**What is required**. An exact retyping of all lines below is the answer; pictures do not belong in it.

**Given records**.
+ + + + + + +

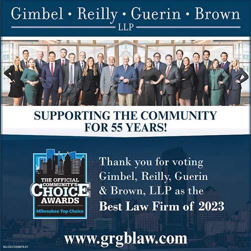 Gimbel, Reilly, Guerin & Brown Named Best Milwaukee Law Firm Of 2023 By The Top Choice Awards And Featured In The Milwaukee Journal Sentinel
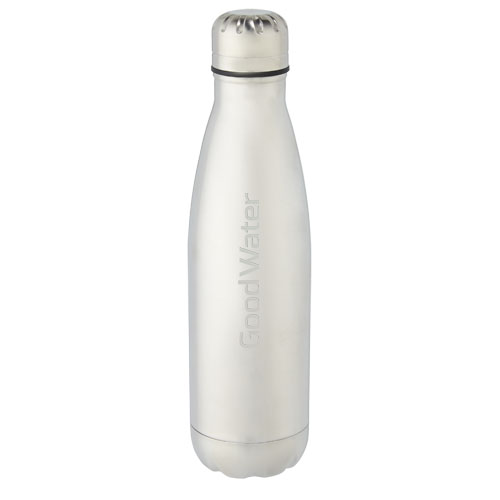 Láhev z nerezové oceli s vakuovou izolací a ikonickým designem. Izolační nerezová ocel 18/8 udrží nápoje horké nebo studené po dobu několika hodin. Testováno a schváleno podle německé legislativy pro bezpečnost potravin (LFGB), testováno na obsah ftalátů podle předpisů REACH. Tato elegantní láhev na vodu se vejde se do většiny držáků na nápoje a je dokonalým reklamním předmětem. Objem je 500 ml. Dodává se v dárkové krabičce z recyklované lepenky. Rozměry: 27 x O 7 cm
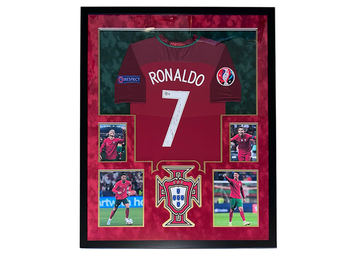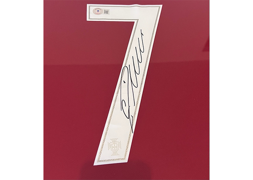 Cristiano Ronaldo autographed Portugal National Team jersey professionally framed in a custom 34x42 display. Beckett authenticated with tamper-proo...
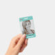 Ein minimalistisches und einfaches Design mit aquamarinem Hintergrund, großem Foto, Strichcode und Logo-Vorlage. Passen Sie dieses Abzeichen einfach an Ihre Marke an. - mit Zaubershirts ausgelegt
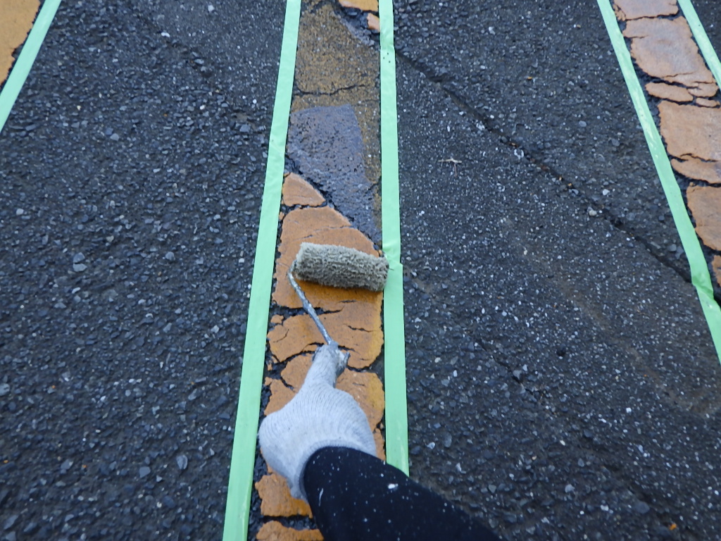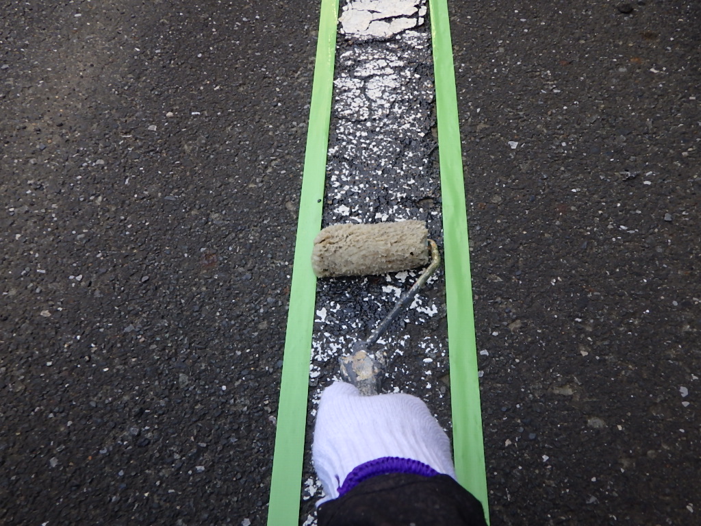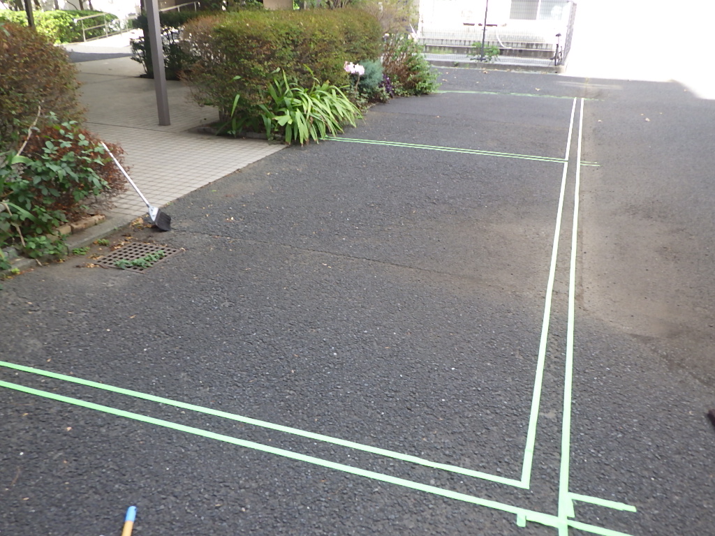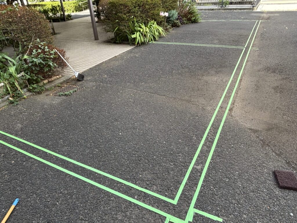 【施工前養生ラインテープ張り】
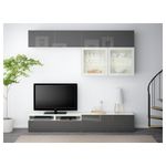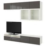 Шкаф для ТВ, комбинированный, стекляные дверцы БЕСТО, белый, Сельсвикен глянцевый/серый прозрачное стекло (240x40x230 см)
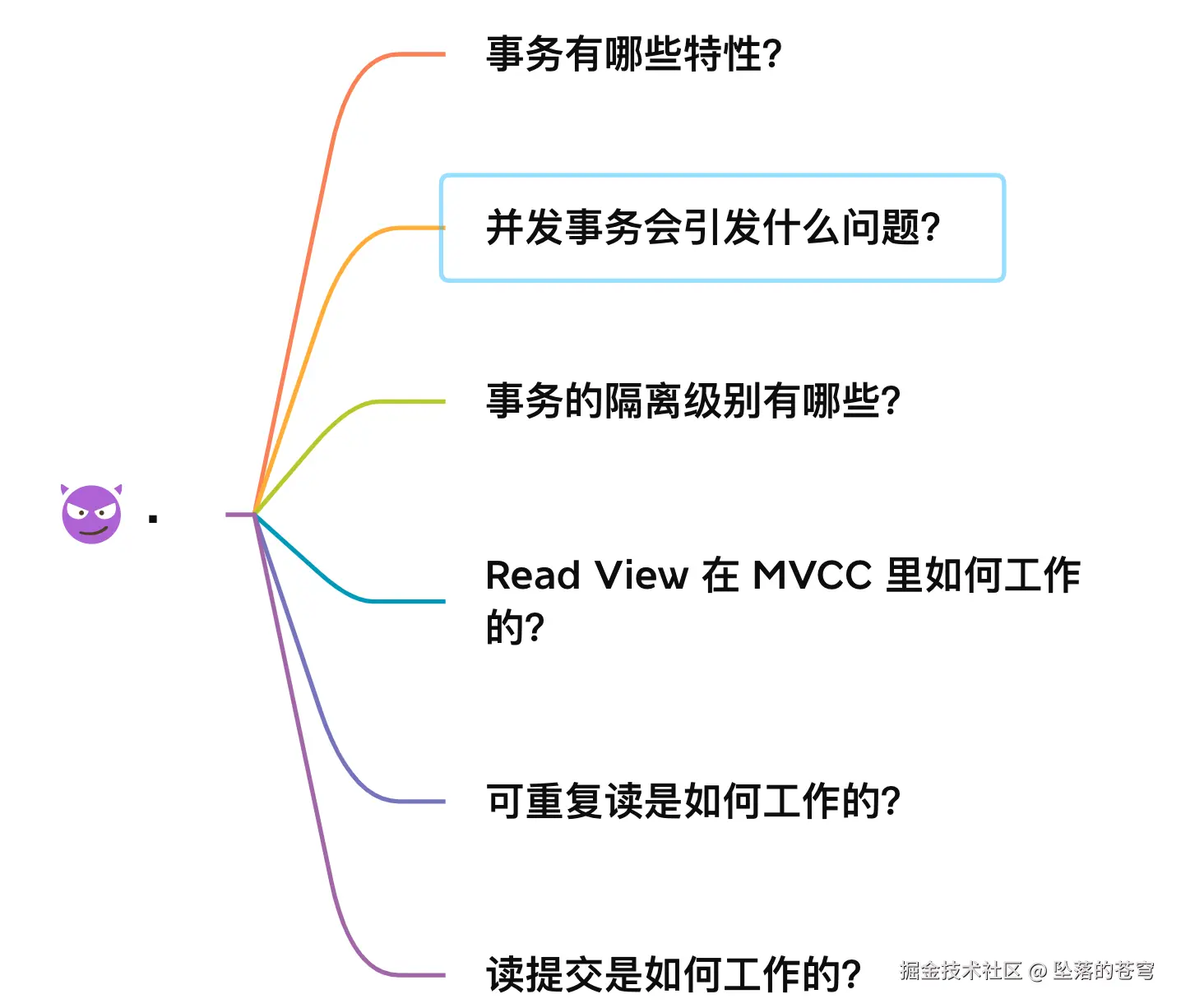 事务是在 MySQL 引擎层实现的,我们常见的 InnoDB 引擎是支持事务的,事务的四大特性是原子性、一致性、隔离性、持久性,我们这次主要讲的是隔离性。
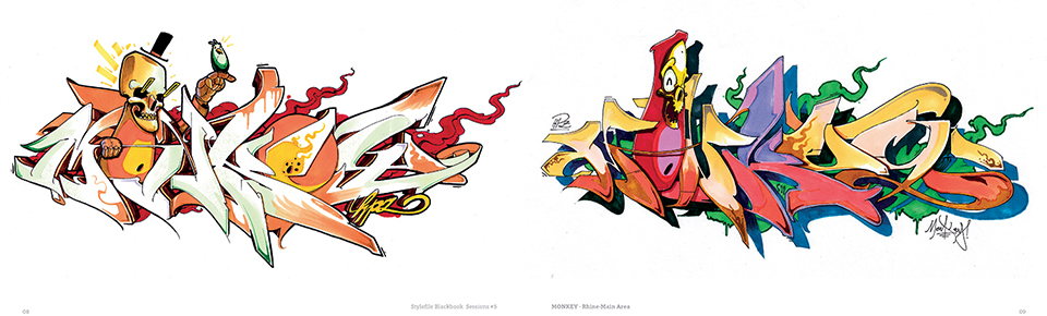 After a decade long hiatus, Publikat is bringing back the much-loved Blackbook Sessions series due to continued demand from the underground. Over the course of 160 pages Blackbook Sessions V.5 offers an insider’s view of the individual approaches taken by contemporary graffiti writers. Some work out perfect pieces on paper, others just scribble around, allowing their ideas to surface through more gestural work. These volumes are published in Germany and focus mostly on the European Graffiti scene, but writers from around the world enjoy being profiled within.
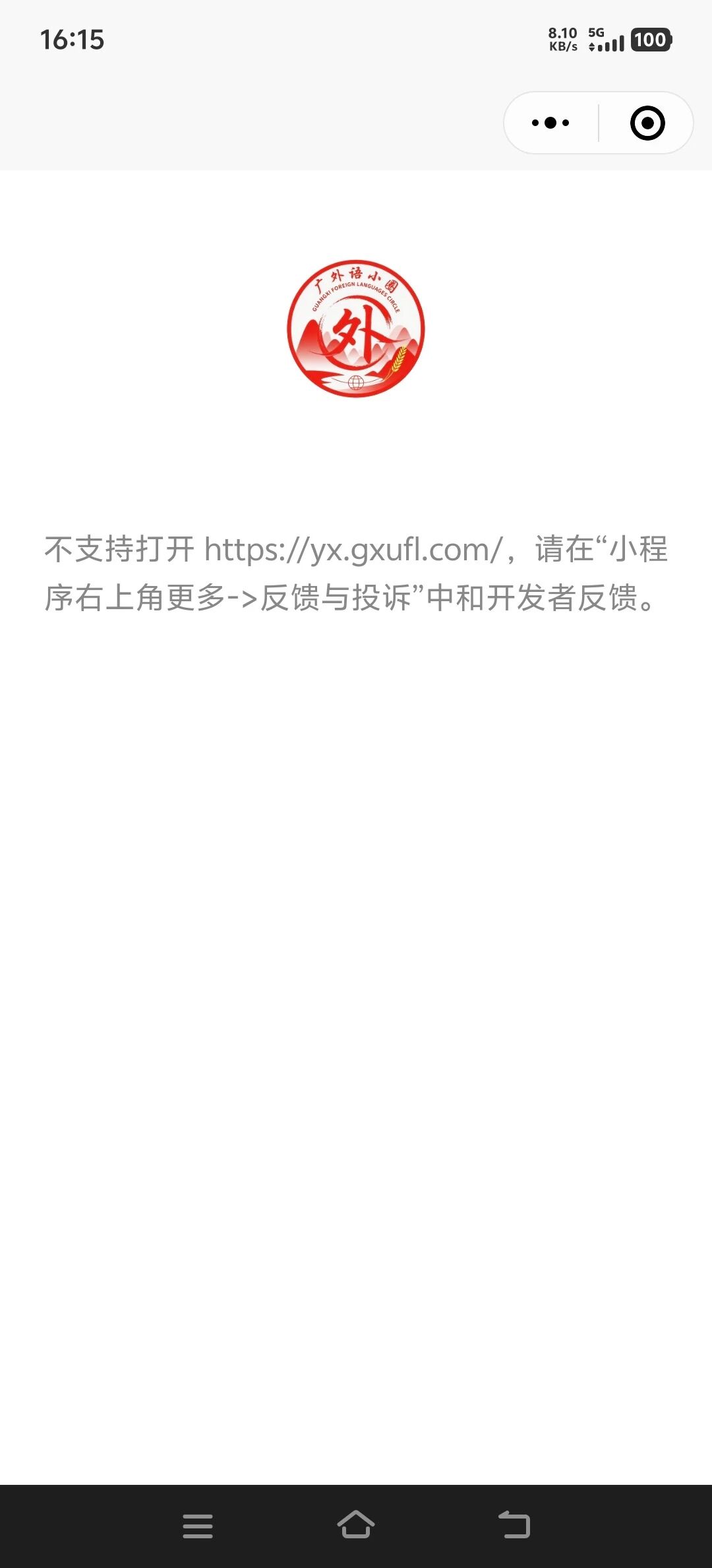 无法打开该页面 不支持打开 https://yx.gxufl.com/,请在“小程序右上角更多->反馈与投诉”中和开发者反馈。一直被拦截,但是这个域名不是我的我配置不了业务域名啊,我怎么办啊,这个是我小程序里面需要跳转的域名
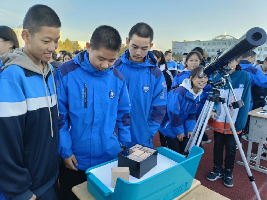 此次活動形式多樣、內(nèi)容豐富,多種類型科技活動同時開展。在教學樓體驗類活動區(qū)域,塔城市流動科技館帶來了機器狗、“阿爾法”機器人、六足機器人、VR眼鏡、科學家精神展板、多彩的拼塊等科普展品。在科技館科普志愿者的指導下,同學們有序地體驗各項展品展具,通過動手操作、動腦思考,去發(fā)現(xiàn)科學、認識科學,感受科學技術(shù)的發(fā)展與魅力。

+ + + + + + +

**Expected answer**.
 Gimbel, Reilly, Guerin & Brown Named Best Milwaukee Law Firm Of 2023 By The Top Choice Awards And Featured In The Milwaukee Journal Sentinel
 Láhev z nerezové oceli s vakuovou izolací a ikonickým designem. Izolační nerezová ocel 18/8 udrží nápoje horké nebo studené po dobu několika hodin. Testováno a schváleno podle německé legislativy pro bezpečnost potravin (LFGB), testováno na obsah ftalátů podle předpisů REACH. Tato elegantní láhev na vodu se vejde se do většiny držáků na nápoje a je dokonalým reklamním předmětem. Objem je 500 ml. Dodává se v dárkové krabičce z recyklované lepenky. Rozměry: 27 x O 7 cm
 Cristiano Ronaldo autographed Portugal National Team jersey professionally framed in a custom 34x42 display. Beckett authenticated with tamper-proo...
 Ein minimalistisches und einfaches Design mit aquamarinem Hintergrund, großem Foto, Strichcode und Logo-Vorlage. Passen Sie dieses Abzeichen einfach an Ihre Marke an. - mit Zaubershirts ausgelegt
 【施工前養生ラインテープ張り】
 Шкаф для ТВ, комбинированный, стекляные дверцы БЕСТО, белый, Сельсвикен глянцевый/серый прозрачное стекло (240x40x230 см)
 事务是在 MySQL 引擎层实现的,我们常见的 InnoDB 引擎是支持事务的,事务的四大特性是原子性、一致性、隔离性、持久性,我们这次主要讲的是隔离性。
 After a decade long hiatus, Publikat is bringing back the much-loved Blackbook Sessions series due to continued demand from the underground. Over the course of 160 pages Blackbook Sessions V.5 offers an insider’s view of the individual approaches taken by contemporary graffiti writers. Some work out perfect pieces on paper, others just scribble around, allowing their ideas to surface through more gestural work. These volumes are published in Germany and focus mostly on the European Graffiti scene, but writers from around the world enjoy being profiled within.
 无法打开该页面 不支持打开 https://yx.gxufl.com/,请在“小程序右上角更多->反馈与投诉”中和开发者反馈。一直被拦截,但是这个域名不是我的我配置不了业务域名啊,我怎么办啊,这个是我小程序里面需要跳转的域名
 此次活動形式多樣、內(nèi)容豐富,多種類型科技活動同時開展。在教學樓體驗類活動區(qū)域,塔城市流動科技館帶來了機器狗、“阿爾法”機器人、六足機器人、VR眼鏡、科學家精神展板、多彩的拼塊等科普展品。在科技館科普志愿者的指導下,同學們有序地體驗各項展品展具,通過動手操作、動腦思考,去發(fā)現(xiàn)科學、認識科學,感受科學技術(shù)的發(fā)展與魅力。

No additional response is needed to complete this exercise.